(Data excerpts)
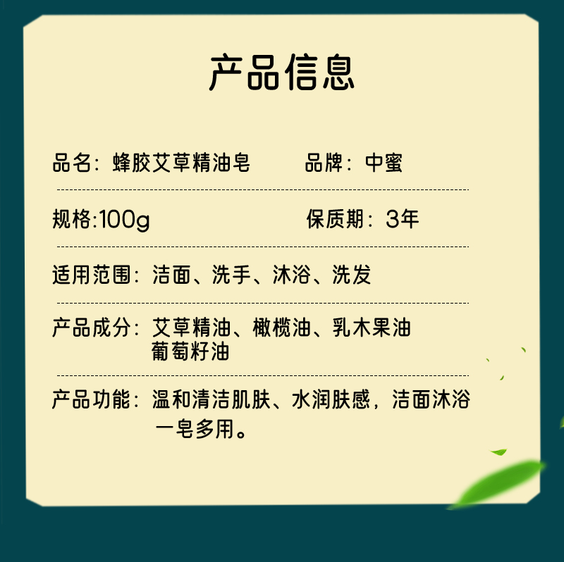 中蜜蜂胶艾草精油皂100g 2盒 温和清洁肌肤
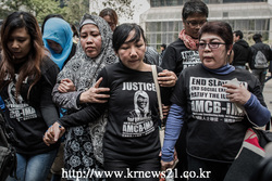 이날 홍콩 법원 앞에서 구타를 한 홍콩 고용주는 고문의 경우로 국제적인 분노를 촉발시켰고 피해 여성은 노동자의 권리에 대한 얼굴로 가정부 지지자의 환호를 받았다.
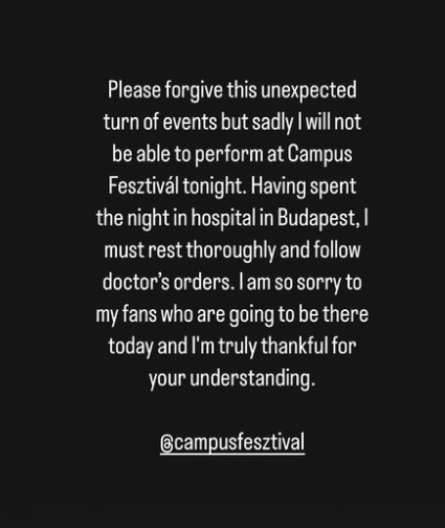 - Molim vas, oprostite zbog ovog neočekivanog razvoja događaja, ali nažalost neću moći da nastupim večeras na Campus Festivalu. Provela sam noć u bolnici u Budimpešti i moram se temeljno odmoriti i slediti uputstva lekara - napisala je Rita u svojoj objavi na Instagramu.
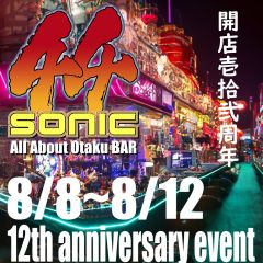 本日も阿䜐ヶ谷44sonicは20時オヌプン 12呚幎ありがずうございたす コミケ垰りにも是非お立ち寄りくださいね 初めおの方も久々の方も宜しくお願いいたしたす #アニ゜ンバヌ #阿䜐ヶ谷 #オタクバヌ https://t.co/PwASpPPNba
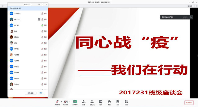 3月27日下午,我院党委书记徐广新在“腾讯会议”线上平台与所联系的2应用物理学2017231班全体学生召开了以“同心战‘疫’——我们在行动”主题班会,辅导员陈毓参加会议。会议由班级团支书刘岩枫主持。
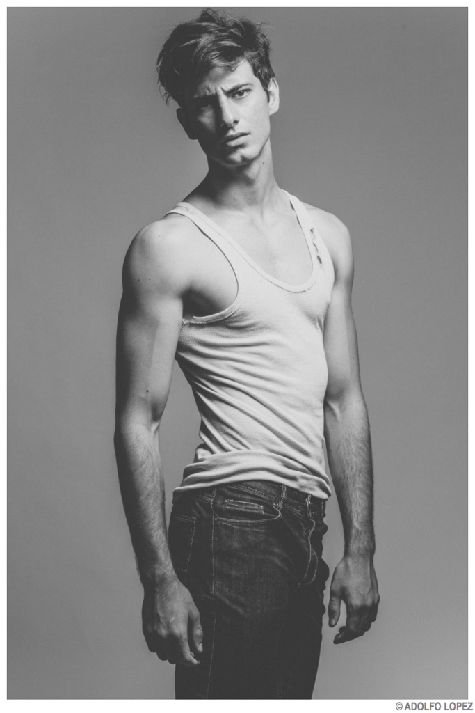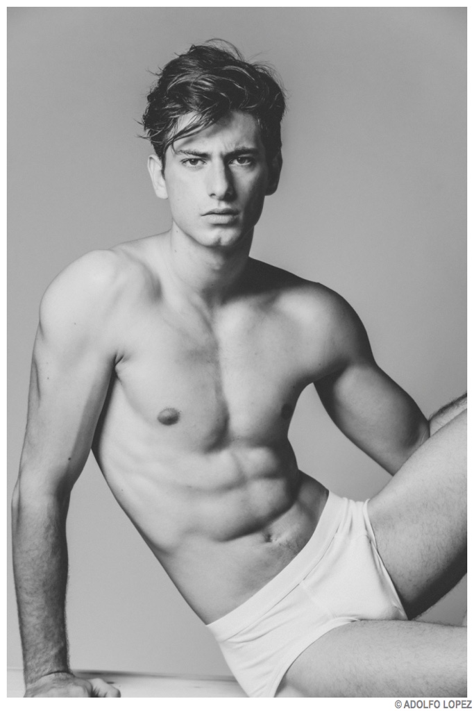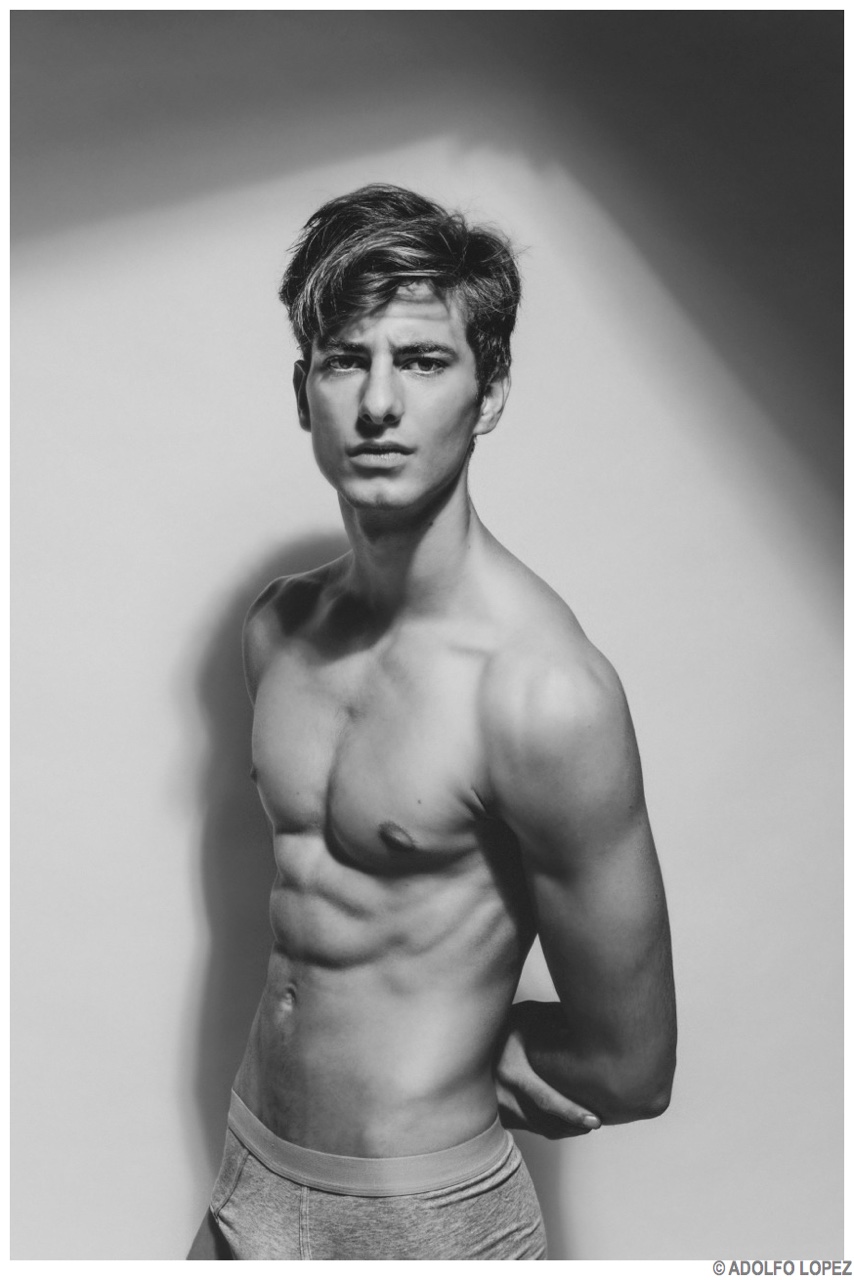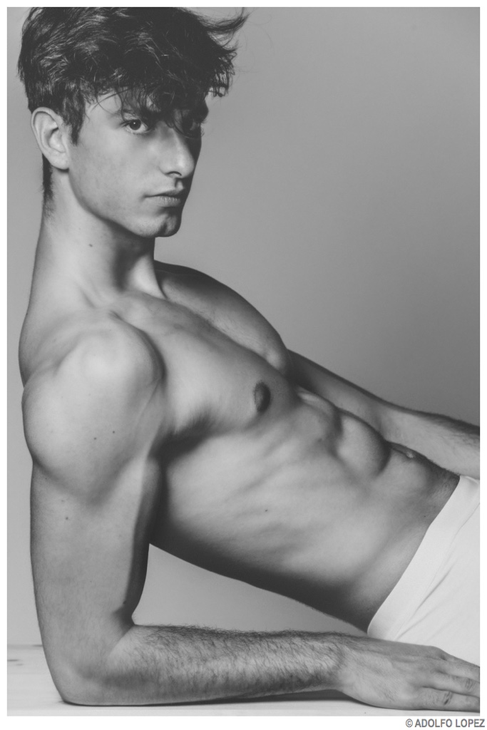 Fashion Art Mgmt model up and comer and a finalist in Elite’s Spanish model contest, Martin Chuecos links up with photographer Adolfo Lopez for a quintessential black & white portrait session. Posing in his underwear, Martin hits sharp angles with a minimal presentation that highlights his strong features.
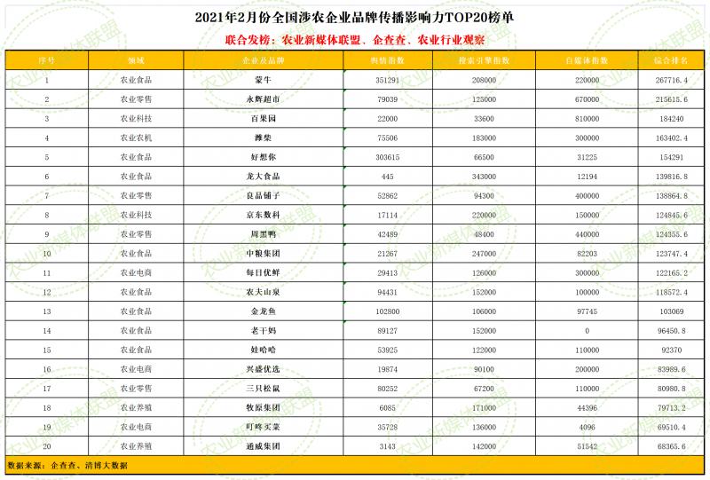 近日,由農業新媒體聯盟、企查查、農業行業觀察聯合發布的2021年2月份“全國涉農企業品牌傳播影響力TOP20”..

● WORK TASK
Once the pictures are set aside, write out the entries verbatim.

● RESULT OF THIS TASK
 中蜜蜂胶艾草精油皂100g 2盒 温和清洁肌肤
 이날 홍콩 법원 앞에서 구타를 한 홍콩 고용주는 고문의 경우로 국제적인 분노를 촉발시켰고 피해 여성은 노동자의 권리에 대한 얼굴로 가정부 지지자의 환호를 받았다.
 - Molim vas, oprostite zbog ovog neočekivanog razvoja događaja, ali nažalost neću moći da nastupim večeras na Campus Festivalu. Provela sam noć u bolnici u Budimpešti i moram se temeljno odmoriti i slediti uputstva lekara - napisala je Rita u svojoj objavi na Instagramu.
 本日も阿䜐ヶ谷44sonicは20時オヌプン 12呚幎ありがずうございたす コミケ垰りにも是非お立ち寄りくださいね 初めおの方も久々の方も宜しくお願いいたしたす #アニ゜ンバヌ #阿䜐ヶ谷 #オタクバヌ https://t.co/PwASpPPNba
 3月27日下午,我院党委书记徐广新在“腾讯会议”线上平台与所联系的2应用物理学2017231班全体学生召开了以“同心战‘疫’——我们在行动”主题班会,辅导员陈毓参加会议。会议由班级团支书刘岩枫主持。
 Fashion Art Mgmt model up and comer and a finalist in Elite’s Spanish model contest, Martin Chuecos links up with photographer Adolfo Lopez for a quintessential black & white portrait session. Posing in his underwear, Martin hits sharp angles with a minimal presentation that highlights his strong features.
 近日,由農業新媒體聯盟、企查查、農業行業觀察聯合發布的2021年2月份“全國涉農企業品牌傳播影響力TOP20”..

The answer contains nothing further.